Data preperation and clustering

Libraries used

import numpy as np
import pandas as pd

import matplotlib.pyplot as plt
import seaborn as sns

from numpy import arange

import sklearn
from sklearn import preprocessing
from sklearn.preprocessing import minmax_scale
from sklearn.cluster import KMeans
from mpl_toolkits.mplot3d import Axes3D

import sklearn.metrics as sm
from sklearn.decomposition import PCA
from sklearn.preprocessing import MinMaxScaler
from sklearn import datasets
from sklearn.metrics import confusion_matrix, classification_report

So for my clustering analysis of the whole study I would like to see if the studies as a whole have interesting cluster patterns. To do this step I will have to map an integer value to the study so that clustering can take place. I am focusing on the profit/loss margins of the individual subjects and I am also going to look at their total zeros received. This tells us how often the subjects didn’t lose money. The lower this figure is indicates that the subjects were losing money more regularly.

index Total W Total L Study Margin count_zeros cluster
0 Subj_1 5800 -4650 Fridberg 1150 80 1
1 Subj_2 7250 -7925 Fridberg -675 71 3
2 Subj_3 7100 -7850 Fridberg -750 76 3
3 Subj_4 7000 -7525 Fridberg -525 76 3
4 Subj_5 6450 -6350 Fridberg 100 76 1

This is the results of our clustering based on the amount of zeros each subject chose and their respective margin of profit and loss.

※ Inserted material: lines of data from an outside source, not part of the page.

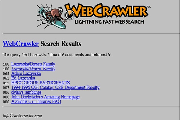 اما موتورهای جستوجوی وب، آن گونه که امروز میشناسیم، با ظهور WebCrawler در سال ۱۹۹۴ آغاز شدند. این سیستم، اولین موتور جستجویی بود که نه فقط عناوین یا URLها بلکه محتوای کامل صفحات وب را نمایهسازی میکرد.
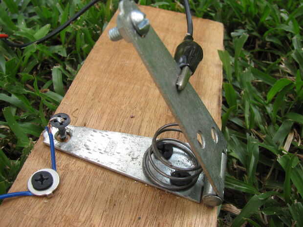 El pedal funciona muy bien. Es un simple interruptor de contacto compuesto por una bisagra y un muelle. Puedes ver como lo hice en las fotos. El voltaje negativo de la batería va directamente encendido a la bisagra. La bisagra entonces hace contacto, cuando está presionado hacia abajo, en un tornillo de madera. El interruptor de pie es montado en otro pedazo de madera.
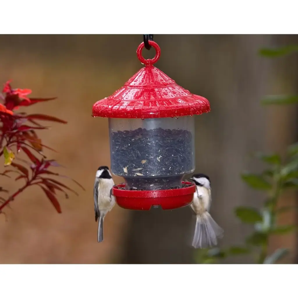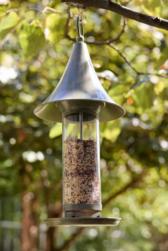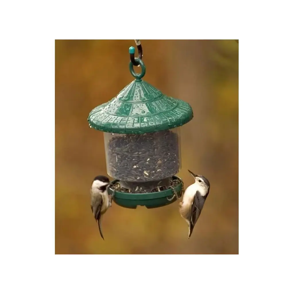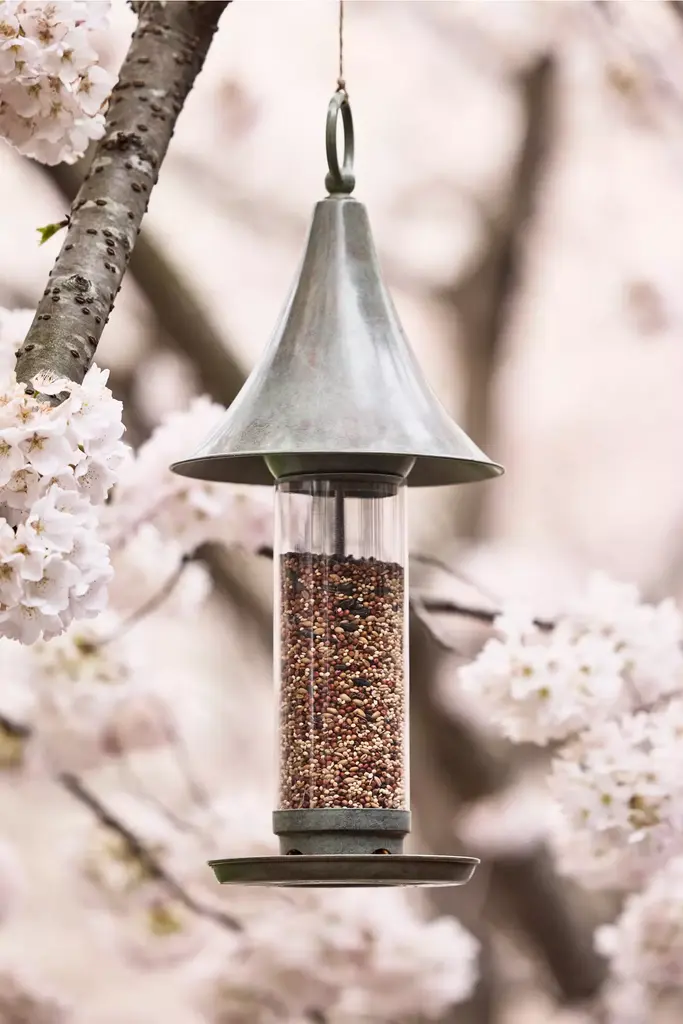A pagoda-style, verdigris copper roof and feeding tray lend polish to this hand-crafted bird feeder for the garden.
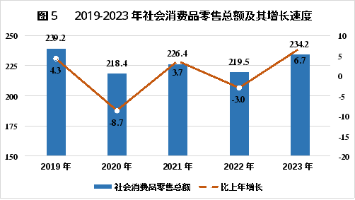 全年社會(huì)消費(fèi)品零售總額234.2億元,同比增長6.7%。按銷售單位所在地統(tǒng)計(jì),城鎮(zhèn)實(shí)現(xiàn)消費(fèi)品零售額188.5億元,同比增長6.4%;鄉(xiāng)村實(shí)現(xiàn)消費(fèi)品零售額45.7億元,同比增長8.1%。按消費(fèi)形態(tài)統(tǒng)計(jì),商品零售額206.7億元,同比增長4.9%;餐飲收入27.5億元,同比增長22.9%。
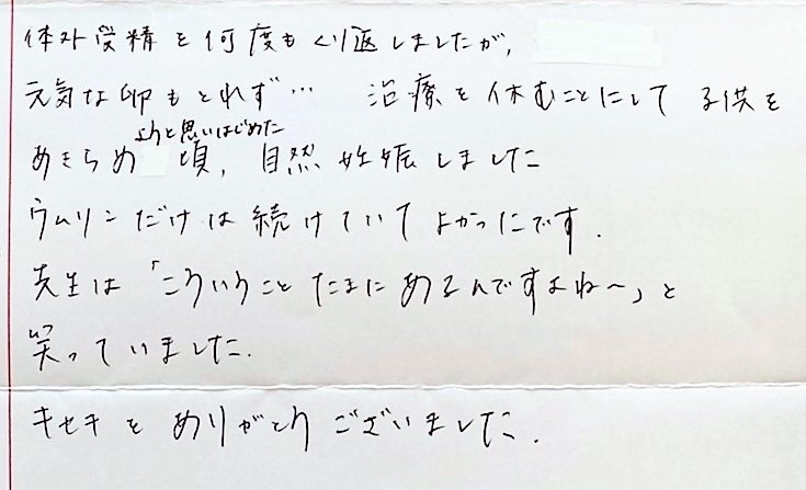 治療を休むことにして子供をあきらめようと思いはじめた頃、成功しました。ウムリンだけは続けていてよかったです。先生は「こういうことたまにあるんですよね~」と笑っていました。キセキをありがとうございました。
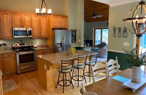 Newly renovated in 2023, this gorgeous home features a spacious open layout with water views from almost every room. The fully stocked kitchen boasts an electric cook-top, breakfast bar with stools, and a large walk-in pantry equipped with small appliances such as a crockpot, electric griddle, electric skillet, and blender. Gather around the large dining table with a built-in leaf, accommodating up to 10 guests comfortably.
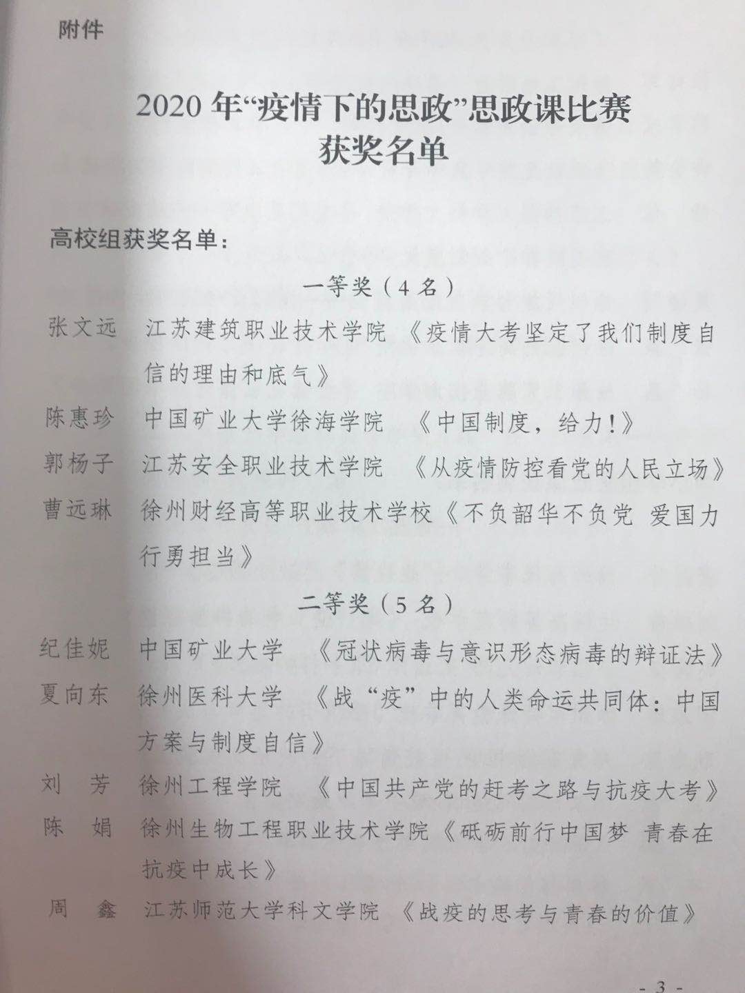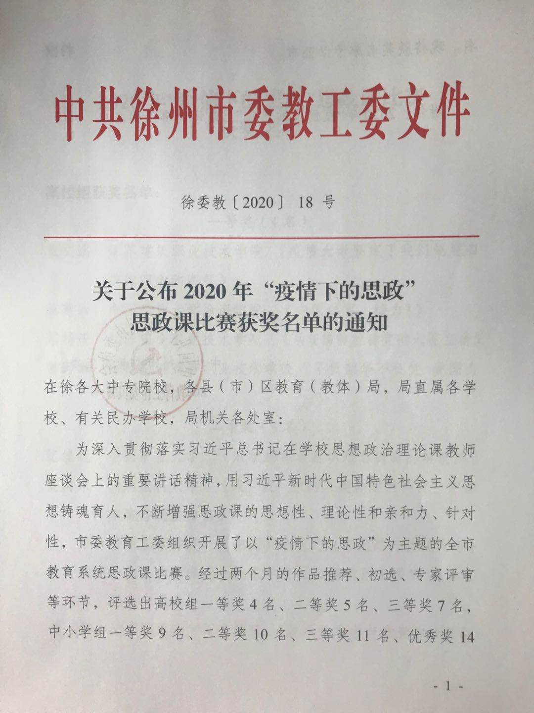 为贯彻落实徐州市教工委“疫情下的思政”教学比赛通知要求,公司积极参与比赛,喜获徐州市“疫情下的思政课”一等奖。
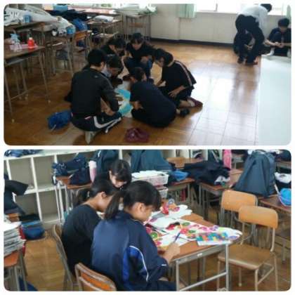 5・6時間目は、それぞれのチームに分かれて取り組んでいました。書道パフォーマンスチームは、作品の周囲を飾るデコレンションづくりに取り組んでいました。
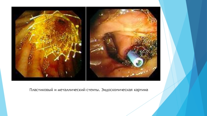 Слайд 53Пластиковый и металлический стенты. Эндоскопическая картина
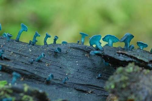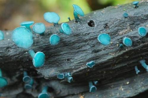 This would be the most common Chlorociboria in NZ. Diam: 2–5 mm.
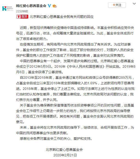 21日,北京韩红爱心慈善基金会就有关问题的回应:
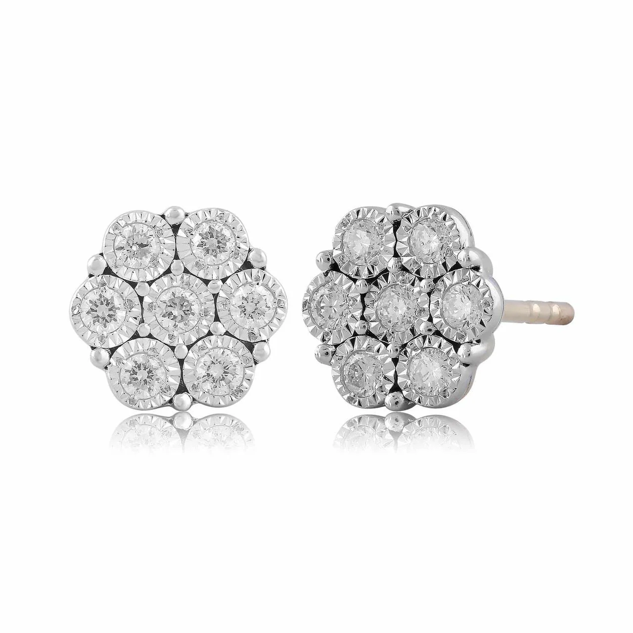 Simply Irresistble, this stunning pair of diamond stud earrings in yellow gold is made up of 14 diamonds forming an elegant hexagon shape.
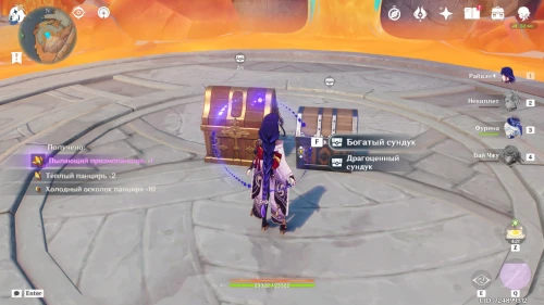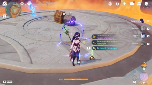 После победы над противниками вы получите панцири — ресурсы, необходимые для возвышения оружия. Кроме того, на арене появятся богатый и драгоценный сундуки. Открыв их, вы найдете 15 примогемов, 5 Пиро печатей и другие полезные награды: мору, артефакты, книги опыта и оружие.
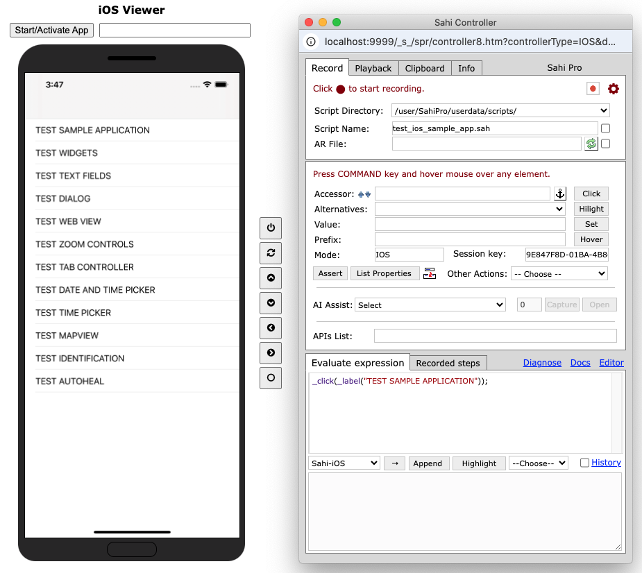 - Specify a script name (test_ios_sample_app.sah) in the Controller and click on

df1 = clustering[clustering.cluster==0]
df2 = clustering[clustering.cluster==1]
df3 = clustering[clustering.cluster==2]
df4 = clustering[clustering.cluster==3]

plt.scatter(df1.Margin, df1.count_zeros, color='green')
plt.scatter(df2.Margin, df2.count_zeros, color='red')
plt.scatter(df3.Margin, df3.count_zeros, color='black')
plt.scatter(df4.Margin, df4.count_zeros, color='blue')

plt.xlabel("Margin")
plt.ylabel("count_zeros")
Text(0, 0.5, 'count_zeros')
_images/Whole_clustering_8_1.png

Normalization and refined clustering

Below we can see the dataframe after normalization has taken place. The overall aim of normalization is to manipulate the values of the choosen columns in a particular dataset to a common scale. In machine learning normalization can improve learning rates and can also make weights easier to initialise. The main reason I am using normalization in my analysis is that I want to investigate whether it improves model accuracy dramatically or whether the results are very similar. I am also curious to see whether there is one variable that is steering the performance.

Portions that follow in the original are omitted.